◆ What is being asked ◆
Skip the images and copy each record exactly as written.

(Data extracted from a collection)
◇ ◇ ◇ ◇ ◇
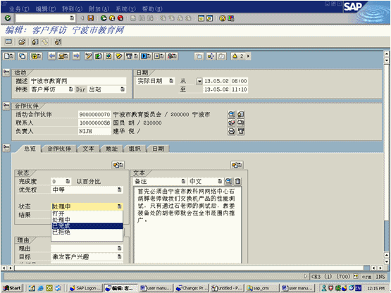 Explorer的層級樹結(jié)構(gòu)顯示客戶間的業(yè)務(wù)關(guān)系。通過報價菜單選項中預(yù)定義報價信息使用訂單輸入功能?梢赞D(zhuǎn)化成為訂單,后臺功能與SAPR/3集成可以實現(xiàn)。
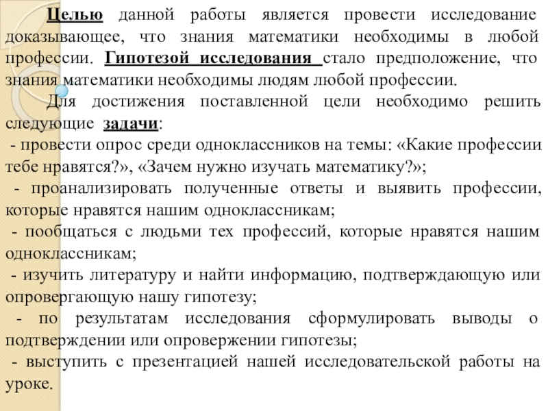 математики необходимы в любой профессии. Гипотезой исследования стало предположение, что знания математики необходимы людям любой профессии.
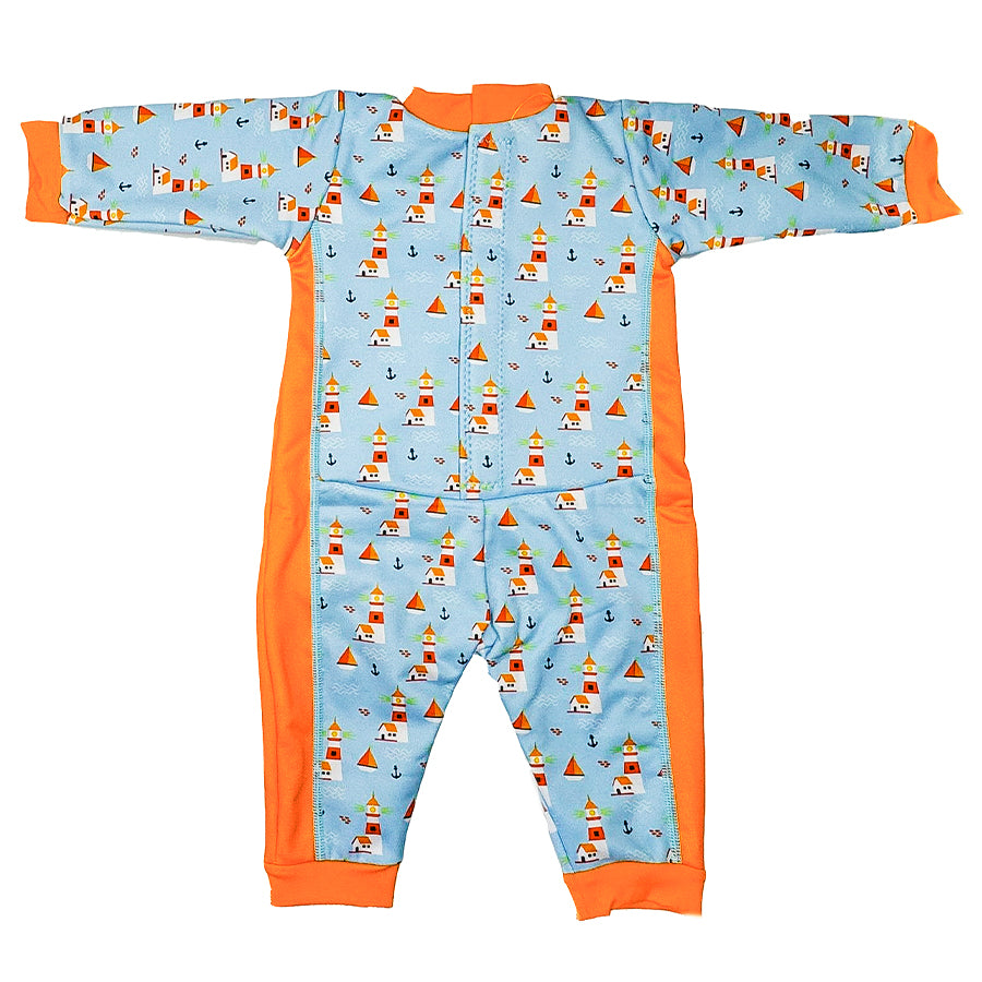 The Warm In One works by trapping air between the layers of the wetsuit and helps babies to regulate their body temperature, whilst the soft fleece lining makes them feel warm. Cuffs around the wrists and ankles help to maintain warmth and keep barrier creams in place.
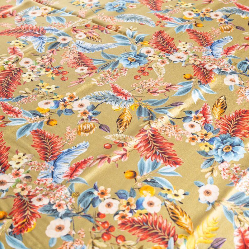 Шикарный итальянский непрозрачный крепдешин с матовой поверхностью. Красивый фантазийный цветочный принт на золотисто-оливковом фоне сделает образ необычным и женственным. Ткань очень приятная к телу, олично драпируется, пластичная и практически не мнётся. Прекрасно подходит для пошива блузки, топа, струящегося платья, красивого комбинезона, костюма в пижамном стиле.
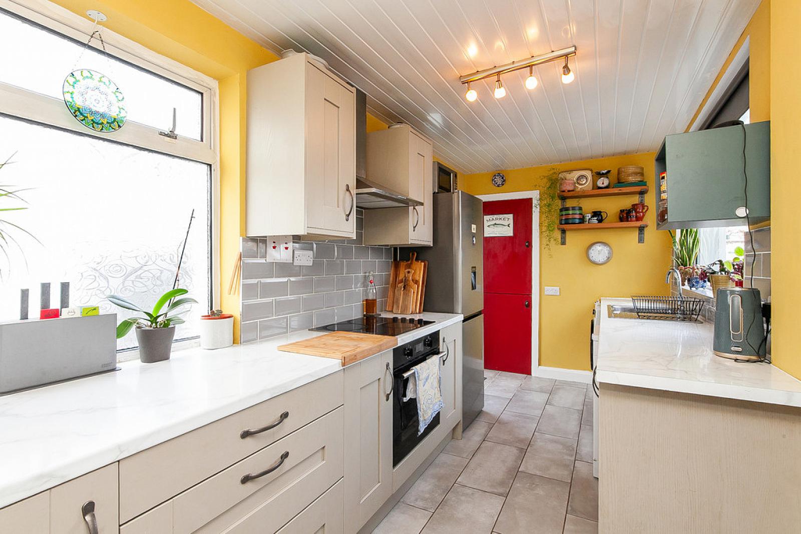 KITCHEN (OPEN TO DINING ROOM) 15' 1" x 6' 9" (4.62m x 2.06m) Kitchen - excellent range of high and low level units with chrome handles, formica work surfaces, stainless steel sink unit, integrated oven and four ring hob with chrome extractor fan over, space for fridge freezer, plumbed for dish washer, plumbed for washing machine, tiled floor, partly tiled walls, tongue and groove ceiling
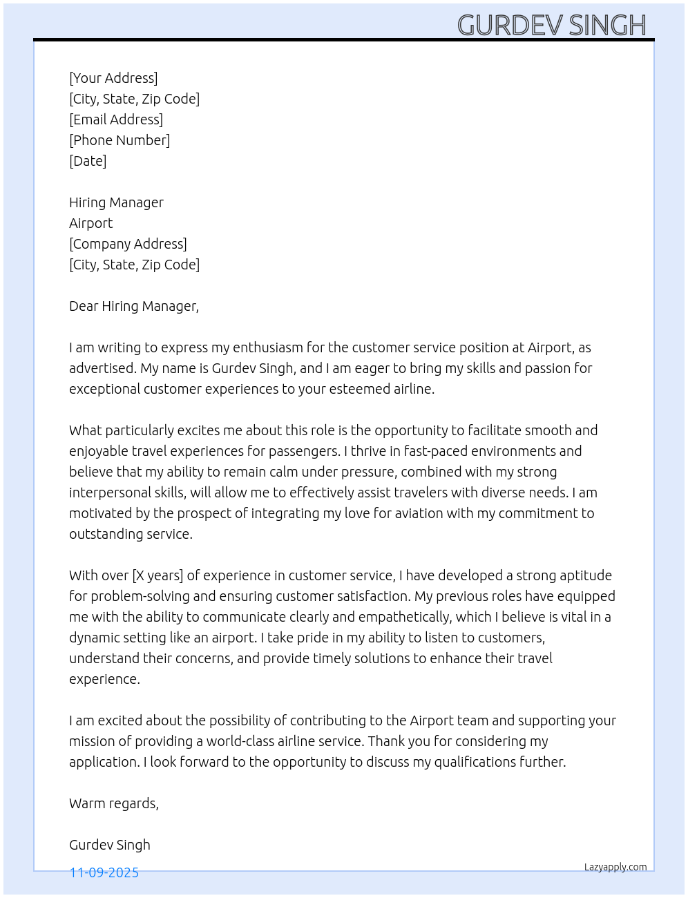 AIRLINE  At AIRLINE AIRPORT  Cover Letter
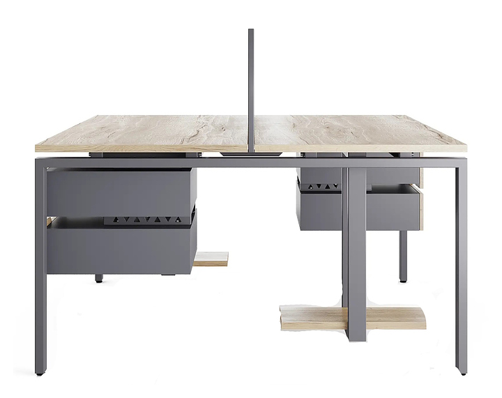 Офисный стол Кобор P/2-120/160 graphite/natural на 2 рабочих места используется в офисных помещениях и кабинетах руководителей. Модель оснащена П-образными опорами. Каркас и опоры выполнены из металла, выкрашенного в цвет графит муар (RAL7024), столешница из ламинированной древесно-стружечной плиты (ЛДСП) цвета дуб натуральный (H1180 ST37). Дополнительные характеристики:
◇ ◇ ◇ ◇ ◇
◆ Task result ◆
 Explorer的層級樹結(jié)構(gòu)顯示客戶間的業(yè)務(wù)關(guān)系。通過報價菜單選項中預(yù)定義報價信息使用訂單輸入功能?梢赞D(zhuǎn)化成為訂單,后臺功能與SAPR/3集成可以實現(xiàn)。
 математики необходимы в любой профессии. Гипотезой исследования стало предположение, что знания математики необходимы людям любой профессии.
 The Warm In One works by trapping air between the layers of the wetsuit and helps babies to regulate their body temperature, whilst the soft fleece lining makes them feel warm. Cuffs around the wrists and ankles help to maintain warmth and keep barrier creams in place.
 Шикарный итальянский непрозрачный крепдешин с матовой поверхностью. Красивый фантазийный цветочный принт на золотисто-оливковом фоне сделает образ необычным и женственным. Ткань очень приятная к телу, олично драпируется, пластичная и практически не мнётся. Прекрасно подходит для пошива блузки, топа, струящегося платья, красивого комбинезона, костюма в пижамном стиле.
 KITCHEN (OPEN TO DINING ROOM) 15' 1" x 6' 9" (4.62m x 2.06m) Kitchen - excellent range of high and low level units with chrome handles, formica work surfaces, stainless steel sink unit, integrated oven and four ring hob with chrome extractor fan over, space for fridge freezer, plumbed for dish washer, plumbed for washing machine, tiled floor, partly tiled walls, tongue and groove ceiling
 AIRLINE  At AIRLINE AIRPORT  Cover Letter
 Офисный стол Кобор P/2-120/160 graphite/natural на 2 рабочих места используется в офисных помещениях и кабинетах руководителей. Модель оснащена П-образными опорами. Каркас и опоры выполнены из металла, выкрашенного в цвет графит муар (RAL7024), столешница из ламинированной древесно-стружечной плиты (ЛДСП) цвета дуб натуральный (H1180 ST37). Дополнительные характеристики:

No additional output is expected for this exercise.